所有人心头都是一凛。
黄履此言,实则意味深长。
徐行以双十之龄,立下灭国奇功,如今手握二十余万百战精锐,坐镇新拓千里疆土,其权势之盛,国朝百年来未有。
这样一位知兵善战、功高盖世又深得军心的统帅,长期滞留边陲,远离中枢……其本身,就是一种威胁。
其威胁程度在有些人心中,甚至超过了辽国的百万雄兵。
赵煦脸上的笑容也渐渐收敛,陷入沉默。
人心隔肚皮,帝王更忌惮不受控制的己方力量。
他欣赏信赖徐行不假,可这份信赖,能否经受住考验?
他也不确定。
章惇与吕惠卿对视一眼,都看到了对方眼中的凝重。
有些东西,根本无法试探,因为谁也无法承担试探的后果。
深宫中的那位圣人,不就是因为试探,最终玩火自焚。
吕惠卿当即出列,顺着黄履的话道:“陛下,徐经略重伤初愈,又立此殊勋,于情于理,朝廷都该召其回京,厚加赏赐,令其好生将养,以示陛下体恤功臣之隆恩。
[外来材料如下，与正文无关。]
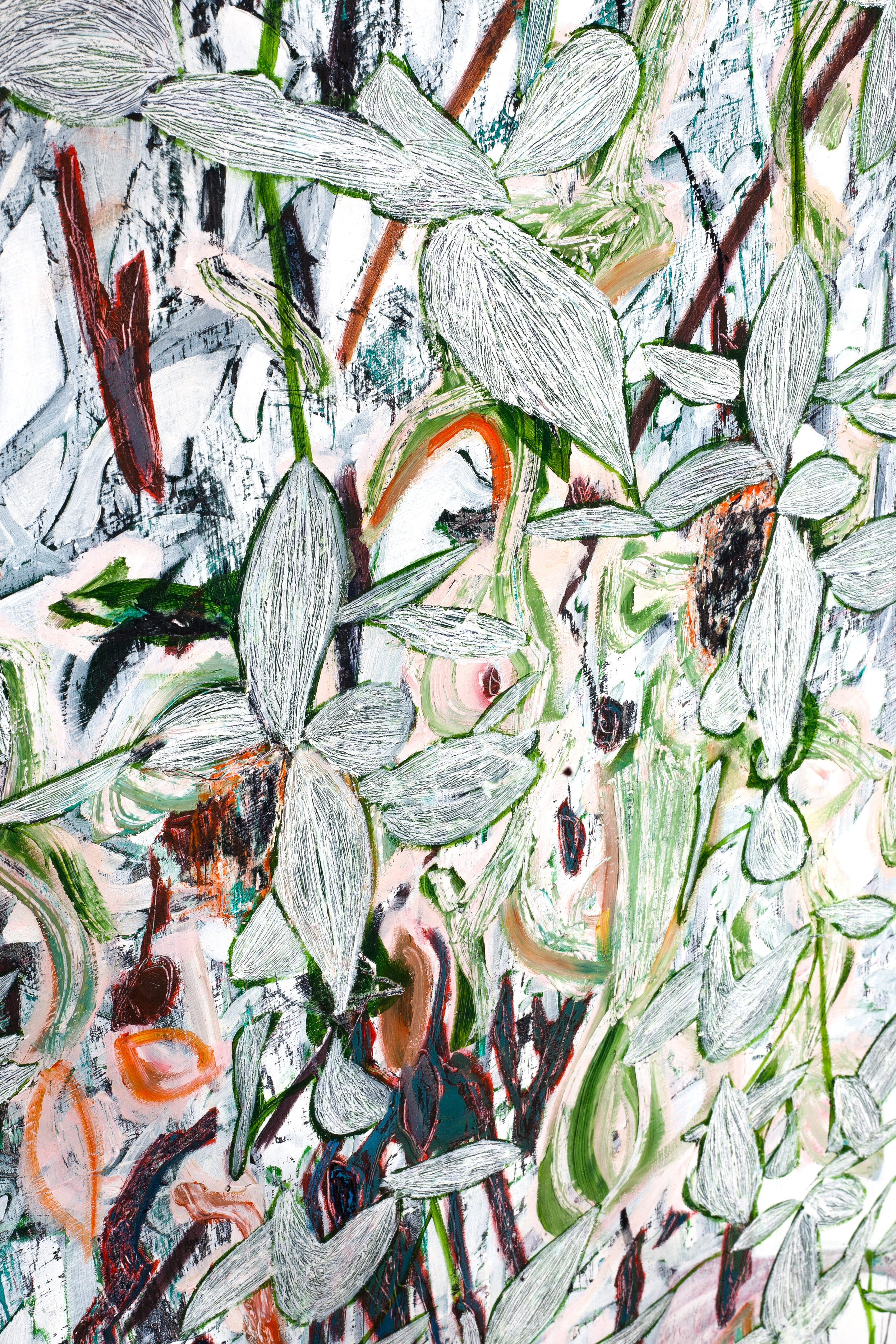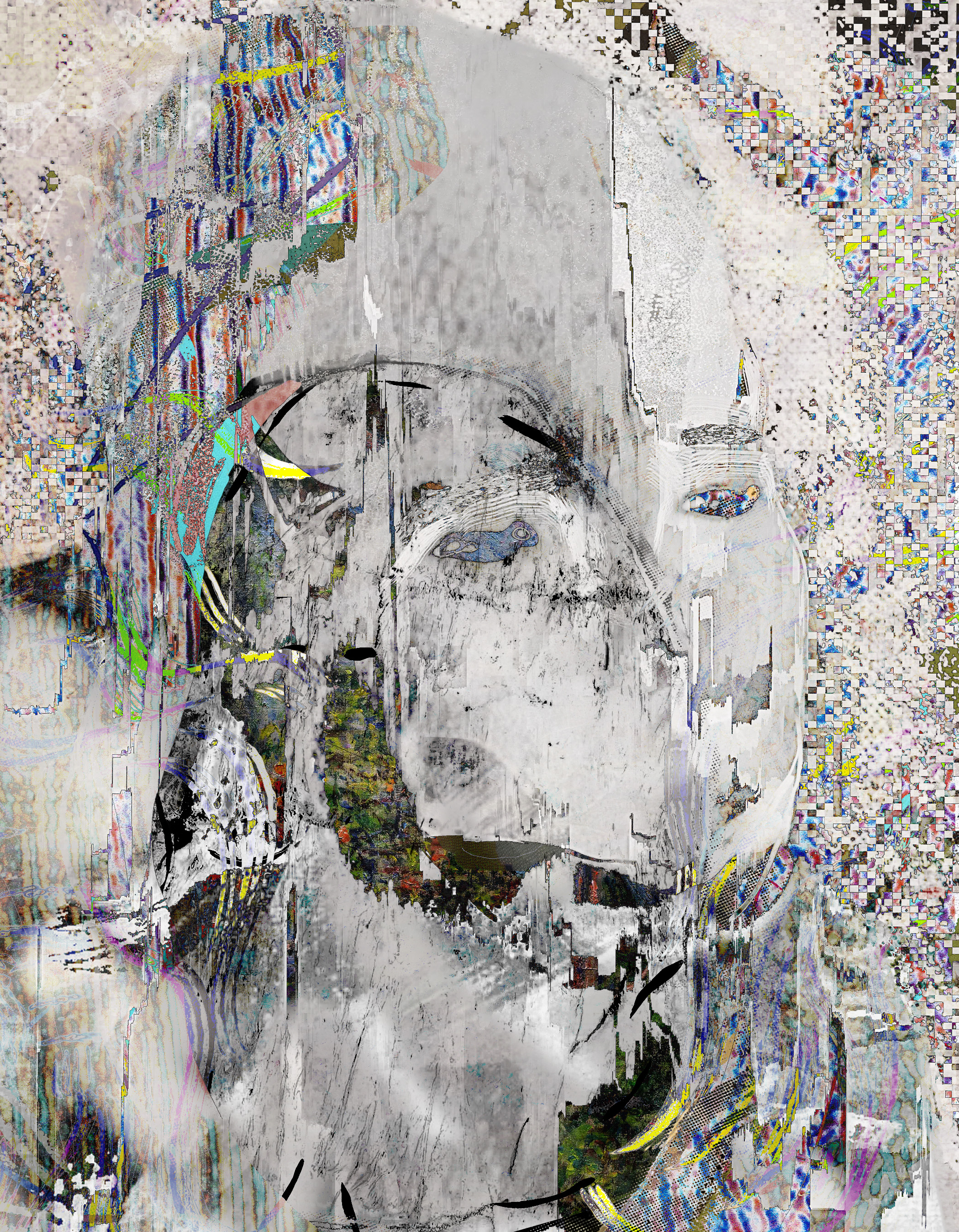 A collection including a leading 72 × 48 inch oil and acrylic on canvas with a selection of 'post' iterations edited from process files.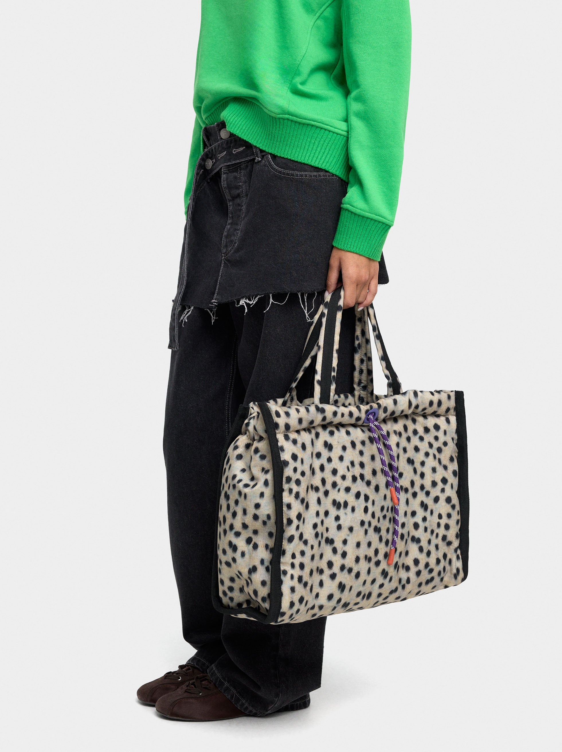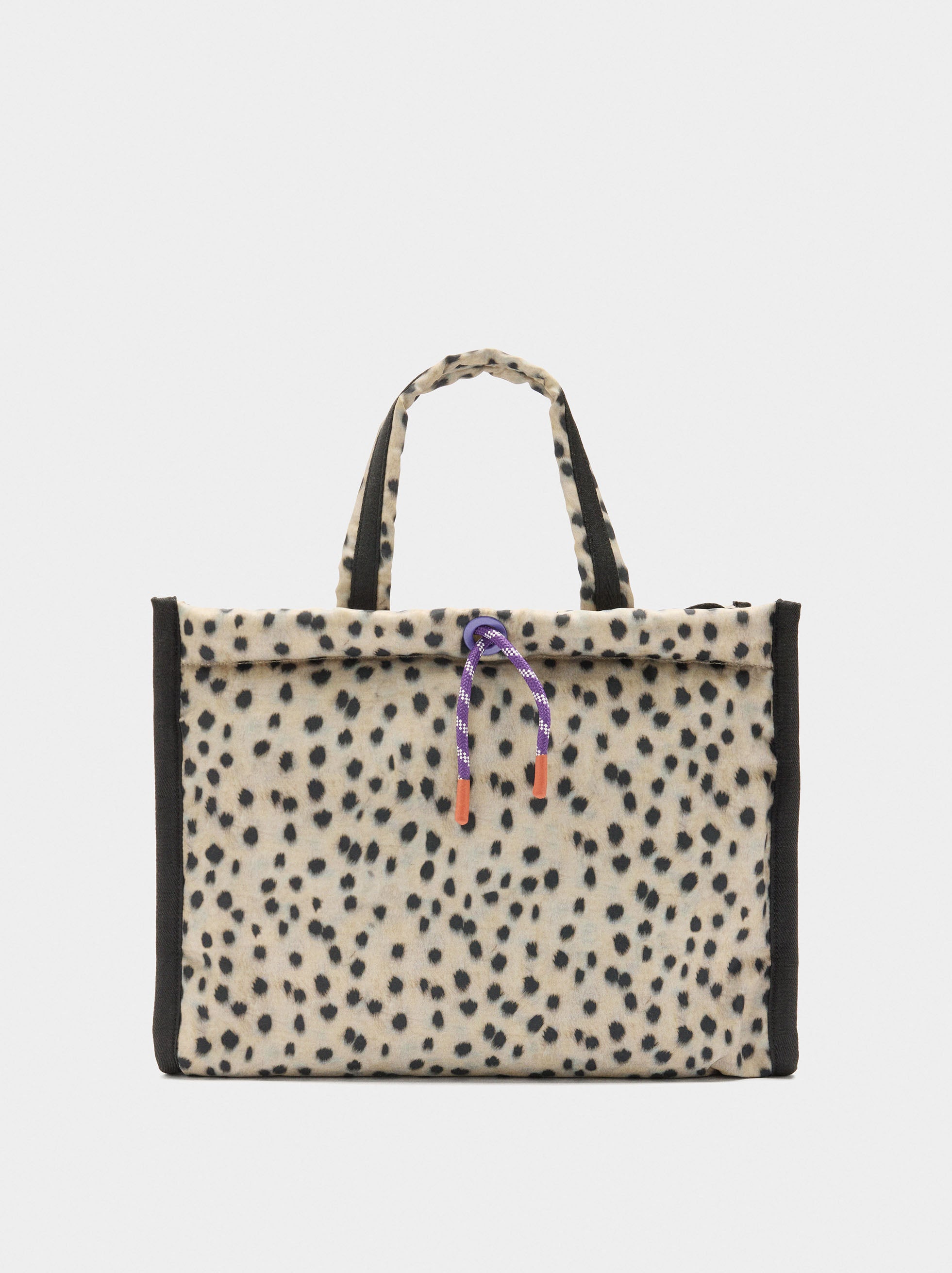 Bolso shopper de nylon con estampado animal. Tamaño grande. Forro, bolsillo interior y compartimento para portátil. Cierre de cremallera. Cinta para fruncir. Asas de mano fijas y bandolera ajustable.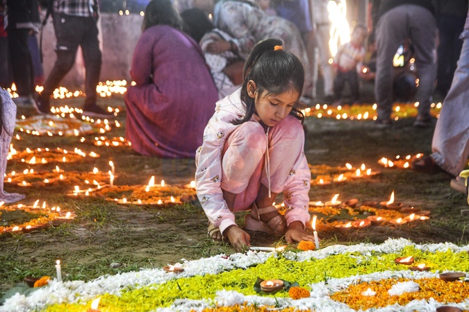 children participate in dev deepawali celebrations by lighting rows of earthen lamps at mankameswar ghat in lucknow, november 5,2025, Credit:Amit Shukla / Avalon

”
章惇亦点头附议:“吕相所言极是,西北战事既由章楶、范纯粹、刘昌祚等宿将接掌,徐行正可回京休养,陛下当面慰勉,共商善后大计。”
赵煦环视殿中,见许将、蔡卞乃至安焘等人,虽未明言,神情似也赞同召回。
他沉吟良久,此时他对徐行的考量是帝王心术的权衡,最终缓缓点头:“众卿所言有理,怀松劳苦功高,是该回京好生休养了。”
“着中书即刻拟旨,召徐行回京。”
“至于如何封赏此次灭夏有功将士,诸卿这几日也好好议一议,拟个章程上来。”
吕惠卿见赵煦应允,心中暗自松了口气。
有些界限,必须清晰;有些可能,必须扼杀在萌芽。
“陛下,”黄履见召回之事定下,紧接着奏道,“徐行回京,西北军务不可停滞。”
“臣请陛下另择知兵重臣,接掌其职,总揽全局。”
“陛下,臣以为不妥!”吕惠卿立刻反对,“如今正值接收西夏故地、追剿残敌、经略河西的关键时期,临阵换帅,乃兵家大忌。”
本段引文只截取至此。